[Task statement] Copy each entry below verbatim. Skip the pictures.

[Dataset records]
──────────

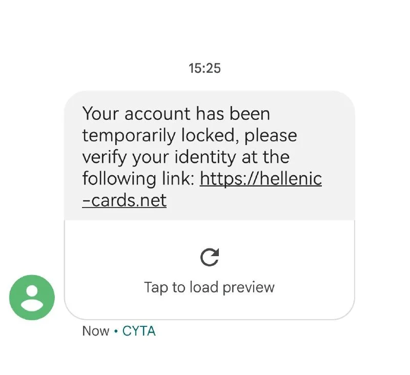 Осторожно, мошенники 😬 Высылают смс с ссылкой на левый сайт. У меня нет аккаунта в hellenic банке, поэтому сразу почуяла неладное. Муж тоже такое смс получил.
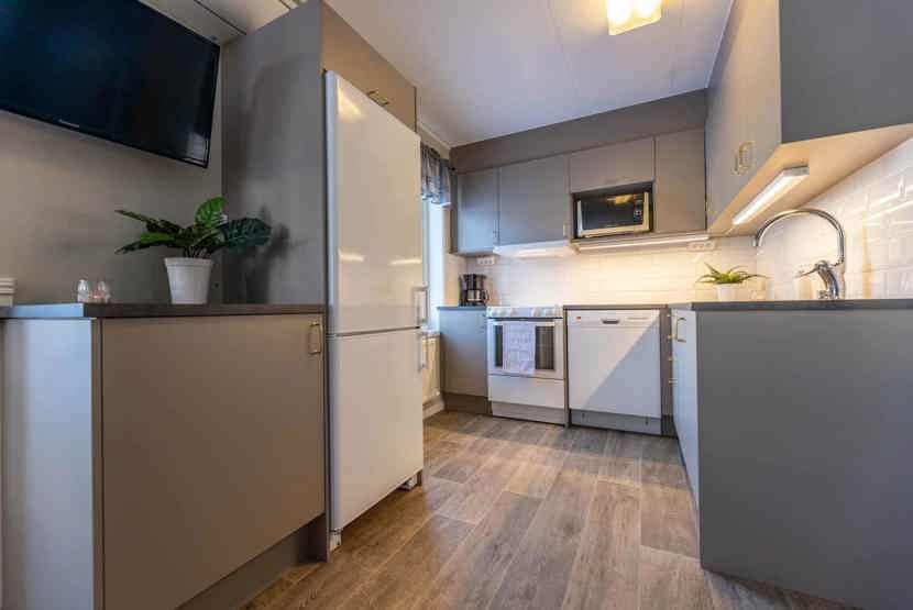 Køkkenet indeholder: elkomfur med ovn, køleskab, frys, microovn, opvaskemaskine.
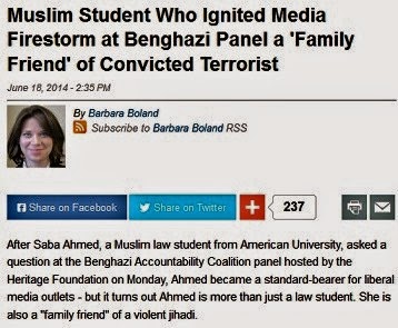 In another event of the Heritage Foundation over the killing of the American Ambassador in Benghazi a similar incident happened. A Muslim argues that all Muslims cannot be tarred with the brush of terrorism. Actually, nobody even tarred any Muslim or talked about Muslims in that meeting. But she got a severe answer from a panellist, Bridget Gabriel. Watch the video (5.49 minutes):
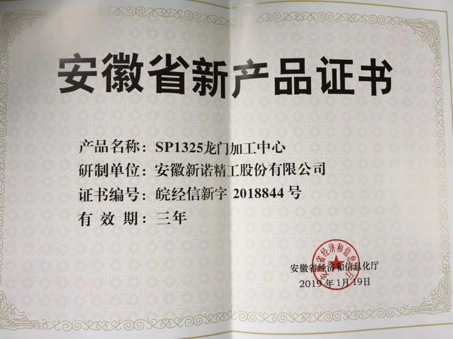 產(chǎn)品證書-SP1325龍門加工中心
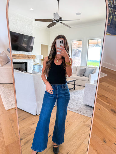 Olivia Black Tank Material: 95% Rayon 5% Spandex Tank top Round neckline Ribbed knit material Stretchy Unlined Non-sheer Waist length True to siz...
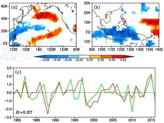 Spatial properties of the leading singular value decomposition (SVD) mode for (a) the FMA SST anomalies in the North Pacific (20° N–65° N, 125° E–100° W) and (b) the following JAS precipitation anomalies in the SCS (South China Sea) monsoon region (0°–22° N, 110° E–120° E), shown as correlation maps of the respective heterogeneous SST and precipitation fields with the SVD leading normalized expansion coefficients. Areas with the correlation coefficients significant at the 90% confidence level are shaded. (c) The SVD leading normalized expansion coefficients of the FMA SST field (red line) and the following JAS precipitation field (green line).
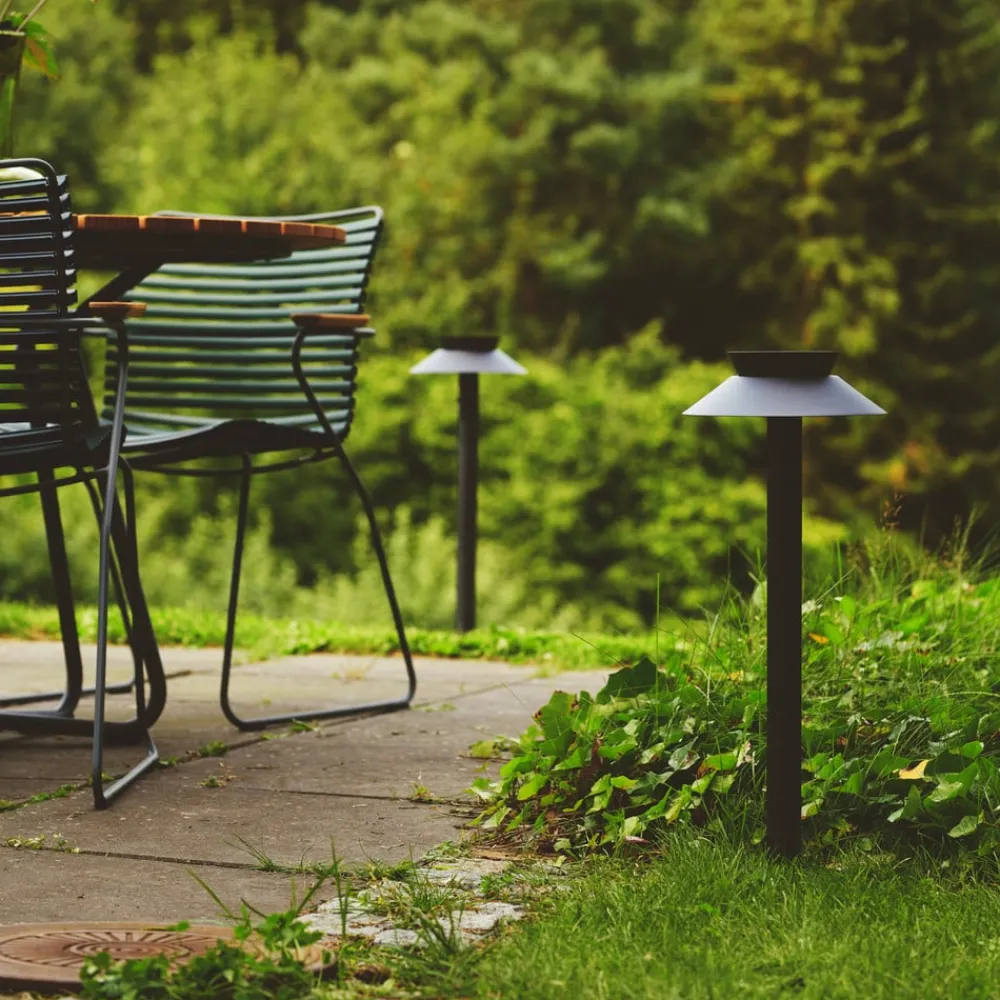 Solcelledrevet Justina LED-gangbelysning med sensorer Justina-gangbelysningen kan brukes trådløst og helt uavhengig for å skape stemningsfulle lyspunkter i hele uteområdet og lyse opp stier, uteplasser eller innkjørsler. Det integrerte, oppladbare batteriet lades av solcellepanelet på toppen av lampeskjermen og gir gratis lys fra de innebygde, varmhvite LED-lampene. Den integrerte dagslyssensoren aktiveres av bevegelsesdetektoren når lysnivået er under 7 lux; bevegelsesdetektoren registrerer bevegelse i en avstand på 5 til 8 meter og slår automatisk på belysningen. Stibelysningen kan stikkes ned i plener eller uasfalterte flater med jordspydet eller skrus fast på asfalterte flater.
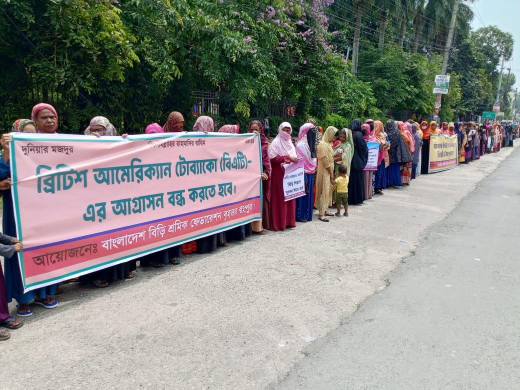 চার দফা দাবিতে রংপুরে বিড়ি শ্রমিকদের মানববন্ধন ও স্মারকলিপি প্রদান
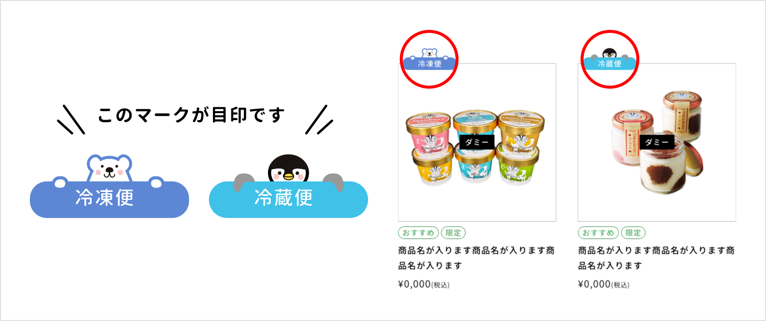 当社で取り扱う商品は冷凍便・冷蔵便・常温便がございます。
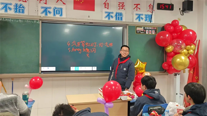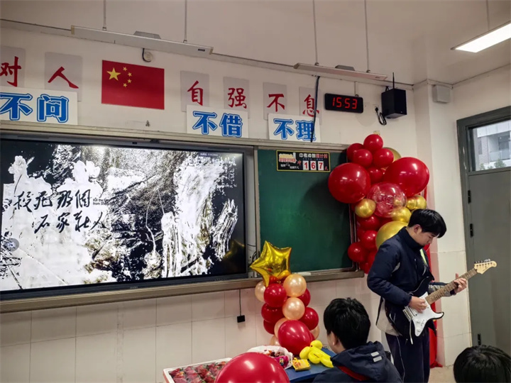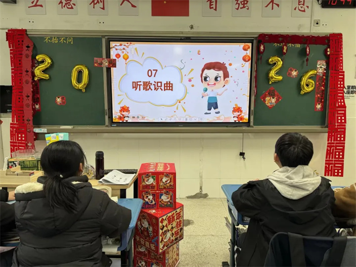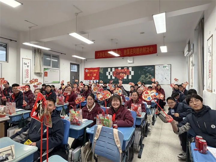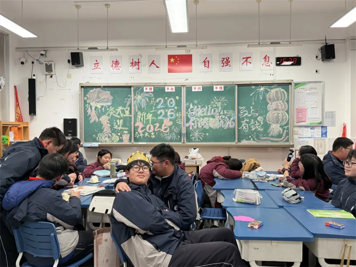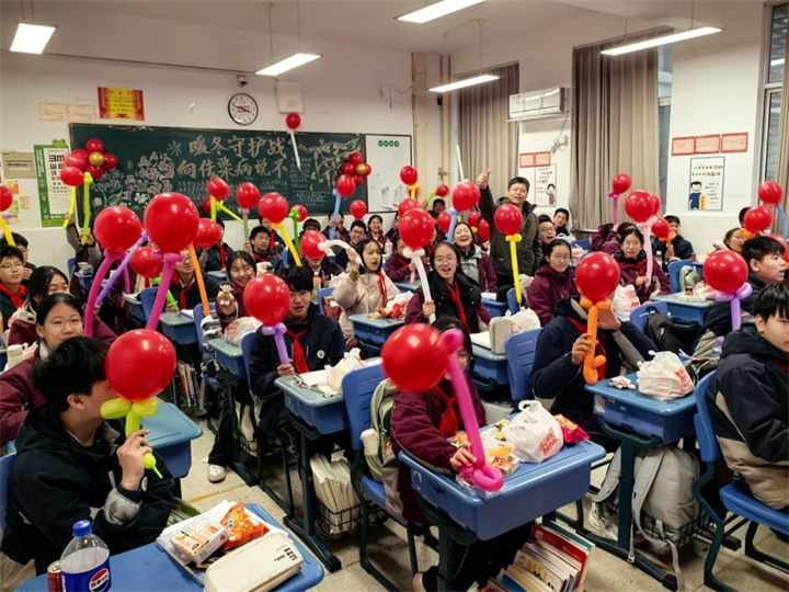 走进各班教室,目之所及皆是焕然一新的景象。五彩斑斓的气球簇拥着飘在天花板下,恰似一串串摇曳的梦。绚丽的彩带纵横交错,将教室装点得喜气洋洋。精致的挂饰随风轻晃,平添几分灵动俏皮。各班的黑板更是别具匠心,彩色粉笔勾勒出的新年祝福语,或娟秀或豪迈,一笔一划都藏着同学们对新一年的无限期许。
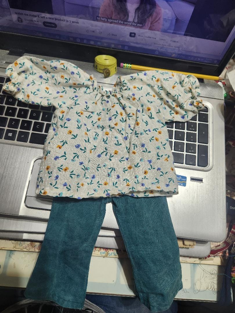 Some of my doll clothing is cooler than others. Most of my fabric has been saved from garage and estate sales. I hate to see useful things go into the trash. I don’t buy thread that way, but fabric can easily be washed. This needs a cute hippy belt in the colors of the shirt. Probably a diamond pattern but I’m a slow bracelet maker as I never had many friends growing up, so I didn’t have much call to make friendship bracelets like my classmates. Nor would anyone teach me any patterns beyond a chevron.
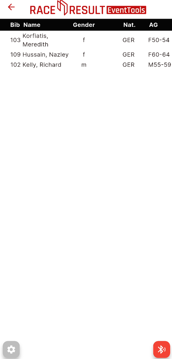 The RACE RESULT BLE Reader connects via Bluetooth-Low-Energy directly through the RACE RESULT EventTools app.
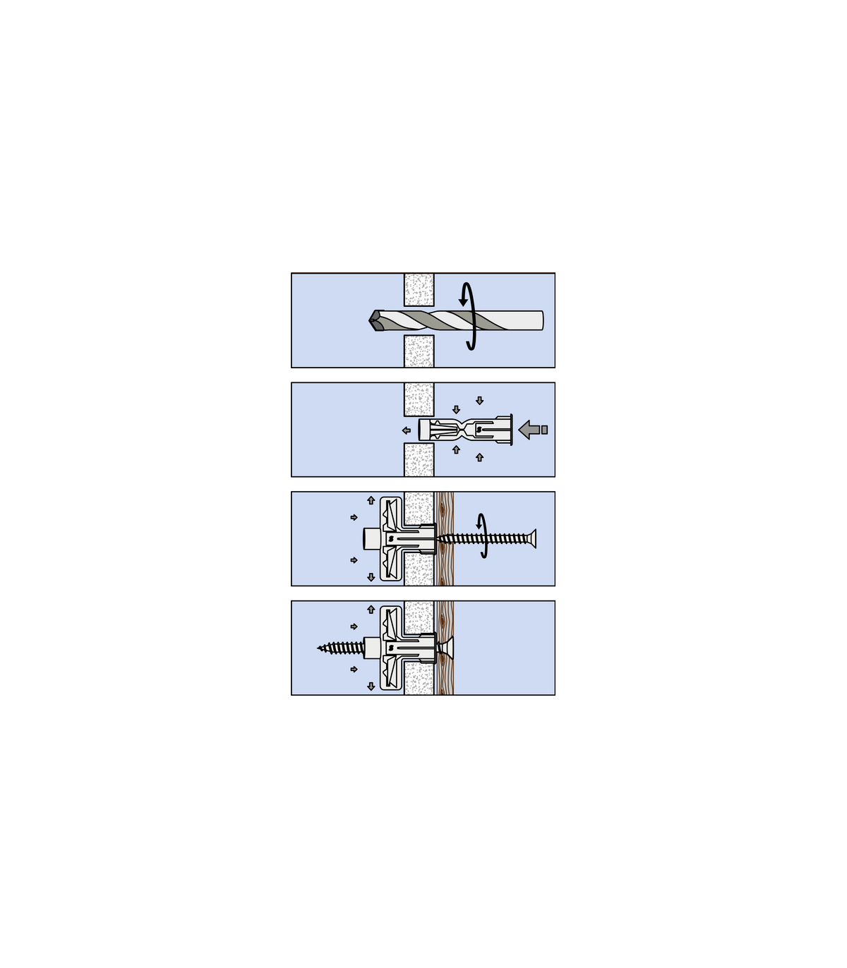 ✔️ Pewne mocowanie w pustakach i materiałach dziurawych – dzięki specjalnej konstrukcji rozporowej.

──────────

[Answer space]
 Осторожно, мошенники 😬 Высылают смс с ссылкой на левый сайт. У меня нет аккаунта в hellenic банке, поэтому сразу почуяла неладное. Муж тоже такое смс получил.
 Køkkenet indeholder: elkomfur med ovn, køleskab, frys, microovn, opvaskemaskine.
 In another event of the Heritage Foundation over the killing of the American Ambassador in Benghazi a similar incident happened. A Muslim argues that all Muslims cannot be tarred with the brush of terrorism. Actually, nobody even tarred any Muslim or talked about Muslims in that meeting. But she got a severe answer from a panellist, Bridget Gabriel. Watch the video (5.49 minutes):
 產(chǎn)品證書-SP1325龍門加工中心
 Olivia Black Tank Material: 95% Rayon 5% Spandex Tank top Round neckline Ribbed knit material Stretchy Unlined Non-sheer Waist length True to siz...
 Spatial properties of the leading singular value decomposition (SVD) mode for (a) the FMA SST anomalies in the North Pacific (20° N–65° N, 125° E–100° W) and (b) the following JAS precipitation anomalies in the SCS (South China Sea) monsoon region (0°–22° N, 110° E–120° E), shown as correlation maps of the respective heterogeneous SST and precipitation fields with the SVD leading normalized expansion coefficients. Areas with the correlation coefficients significant at the 90% confidence level are shaded. (c) The SVD leading normalized expansion coefficients of the FMA SST field (red line) and the following JAS precipitation field (green line).
 Solcelledrevet Justina LED-gangbelysning med sensorer Justina-gangbelysningen kan brukes trådløst og helt uavhengig for å skape stemningsfulle lyspunkter i hele uteområdet og lyse opp stier, uteplasser eller innkjørsler. Det integrerte, oppladbare batteriet lades av solcellepanelet på toppen av lampeskjermen og gir gratis lys fra de innebygde, varmhvite LED-lampene. Den integrerte dagslyssensoren aktiveres av bevegelsesdetektoren når lysnivået er under 7 lux; bevegelsesdetektoren registrerer bevegelse i en avstand på 5 til 8 meter og slår automatisk på belysningen. Stibelysningen kan stikkes ned i plener eller uasfalterte flater med jordspydet eller skrus fast på asfalterte flater.
 চার দফা দাবিতে রংপুরে বিড়ি শ্রমিকদের মানববন্ধন ও স্মারকলিপি প্রদান
 当社で取り扱う商品は冷凍便・冷蔵便・常温便がございます。
 走进各班教室,目之所及皆是焕然一新的景象。五彩斑斓的气球簇拥着飘在天花板下,恰似一串串摇曳的梦。绚丽的彩带纵横交错,将教室装点得喜气洋洋。精致的挂饰随风轻晃,平添几分灵动俏皮。各班的黑板更是别具匠心,彩色粉笔勾勒出的新年祝福语,或娟秀或豪迈,一笔一划都藏着同学们对新一年的无限期许。
 Some of my doll clothing is cooler than others. Most of my fabric has been saved from garage and estate sales. I hate to see useful things go into the trash. I don’t buy thread that way, but fabric can easily be washed. This needs a cute hippy belt in the colors of the shirt. Probably a diamond pattern but I’m a slow bracelet maker as I never had many friends growing up, so I didn’t have much call to make friendship bracelets like my classmates. Nor would anyone teach me any patterns beyond a chevron.
 The RACE RESULT BLE Reader connects via Bluetooth-Low-Energy directly through the RACE RESULT EventTools app.
 ✔️ Pewne mocowanie w pustakach i materiałach dziurawych – dzięki specjalnej konstrukcji rozporowej.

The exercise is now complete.